LA IMPUGNACIÓN Insistiendo en los argumentos expuestos en el libelo primigenio, el apoderado de FAIVER AUGUSTO SEGURA OCHOA, recurrió la decisión de primer grado. Hizo además un análisis gramatical de los requisitos contemplados en el numeral 7º del artículo 3º del Acuerdo 159 de 2011, para insistir en que sí es posible que su protegido jurídico acceda al empleo que considera ser similar funcionalmente al que se postuló. CONSIDERACIONES DE LA SALA De conformidad con lo establecido en el artículo 2º del Decreto 1382 de 2000, la Sala de Casación Penal de la Corte Suprema de Justicia es competente para resolver la impugnación interpuesta contra el fallo proferido por la Sala Penal del Tribunal Superior de Neiva, como pasará a verse. 1.

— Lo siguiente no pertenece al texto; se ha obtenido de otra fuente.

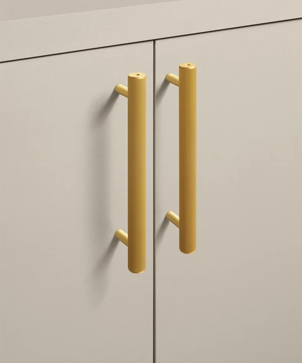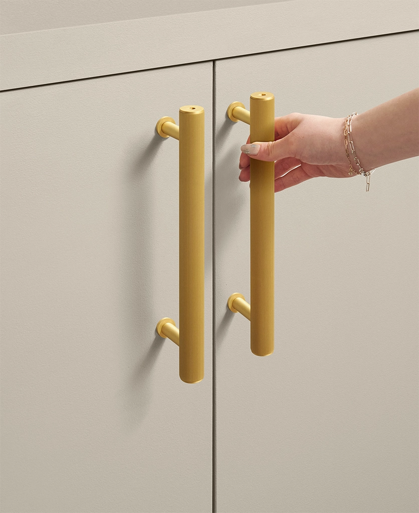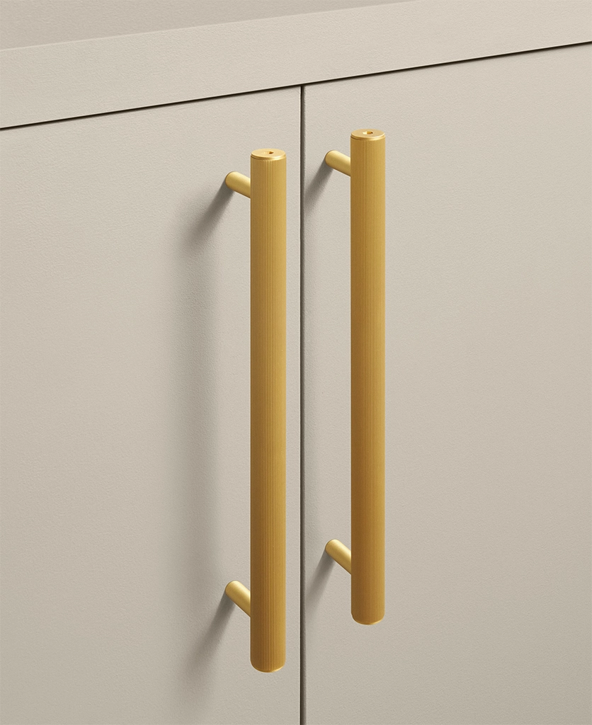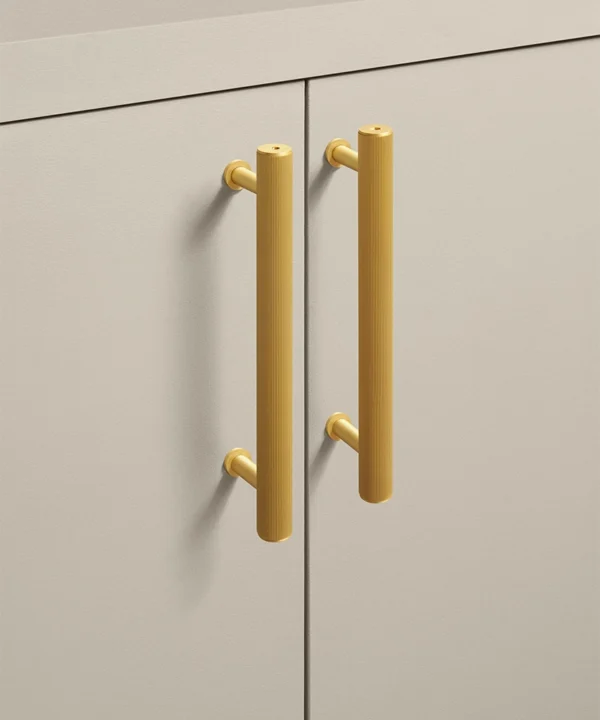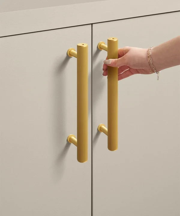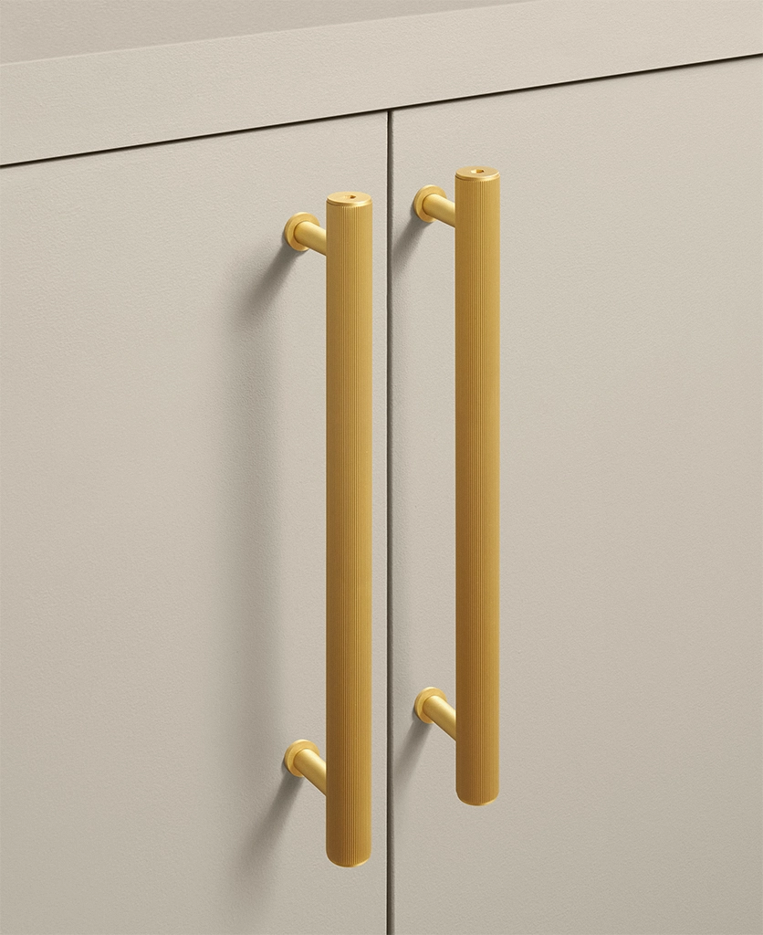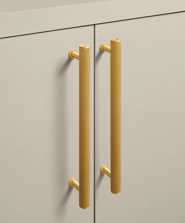 Gold Portico ribbed handles sit beautifully in kitchens, dressing rooms and utility spaces alike. Their architectural form brings structure to shaker cabinetry, while the warm gold finish adds depth to modern homes that risk feeling flat or overly minimal. They’re particularly well suited to neutral palettes, natural stone worktops and layered lighting schemes where material choice does the heavy lifting.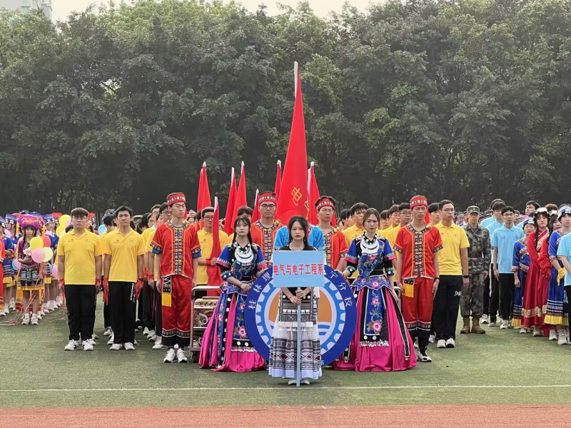 伴随着欢快的运动员进行曲,我系表演方块队身着五彩缤纷的民族服装,迈着铿锵有力的步伐、面带微笑走到主席台前,他们以斗志昂扬、朝气蓬勃的精神状态,为我们带来了一场传统的民族表演视觉盛宴,显示出我系学子的朝气和热情。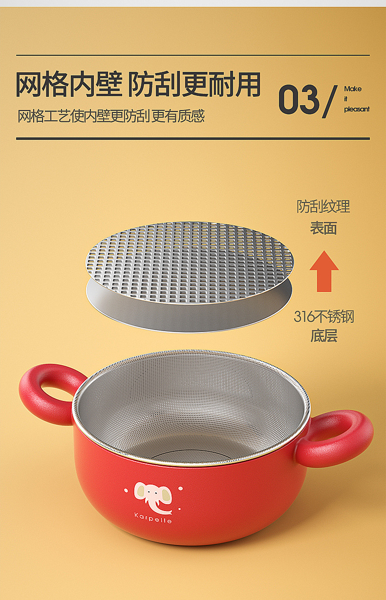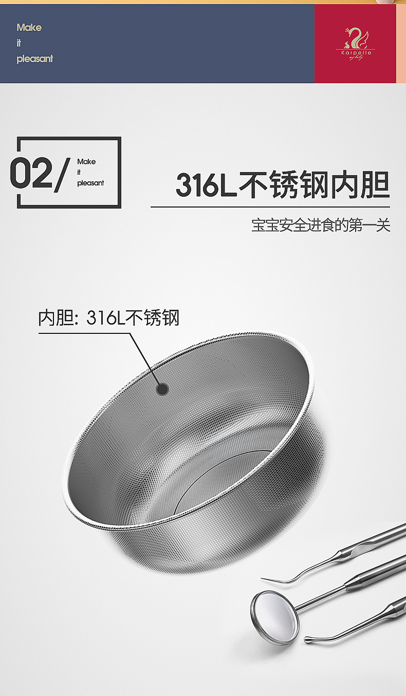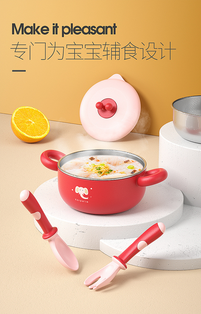 英国karpelle宝宝辅食碗儿童餐具吃饭零食碗不锈钢婴儿保温碗

Procedencia Excepcional de la Acción de Tutela contra Actos Administrativos. El canon 29 de la Constitución, establece el debido proceso como una garantía fundamental de quienes intervienen en actuaciones tanto judiciales como administrativas, además ordena su observancia a la Administración, siempre respetando las formas previamente definidas por el ordenamiento jurídico y los principios de contradicción e imparcialidad, garantizando que las decisiones se emitan con acatamiento de las etapas y los procedimientos señalados en las disposiciones pertinentes para que sus actos no resulten en contravía de éstas ni del ordenamiento superior.

Sobre el particular, ha dicho la Corte Constitucional que: “… El derecho al debido proceso administrativo garantiza a las personas la posibilidad de acceder a un proceso justo y adecuado, en el cual tengan derecho a conocer las actuaciones de la administración, a pedir y a controvertir las pruebas, a ejercer con plenitud su derecho de defensa, a impugnar los actos administrativos y en fin a gozar de todas las garantías establecidas en su beneficio ”.

A pesar de lo anterior, puede darse el caso de que la administración al adelantar una actuación o al expedir un acto propio de esta naturaleza, desconozca alguno de los procedimientos establecidos y con ello vulnere el debido proceso. Para esta clase de situaciones, el ordenamiento jurídico ha previsto medios ordinarios de defensa para atacar esas decisiones y restablecer los derechos que hayan sido afectados. 2.

Requisitos de admisibilidad de la acción de tutela contra actos administrativos. El artículo 86 de la Constitución Política establece que toda persona tiene derecho a promover esta acción ante los jueces con miras a obtener la protección inmediata de sus derechos fundamentales, cuando le sean vulnerados o amenazados por cualquier autoridad pública o por particulares en los casos previstos de forma expresa en la ley, siempre que no exista otro medio de defensa judicial, o existiendo, cuando la tutela se utilice como mecanismo transitorio para evitar la materialización de un perjuicio irremediable.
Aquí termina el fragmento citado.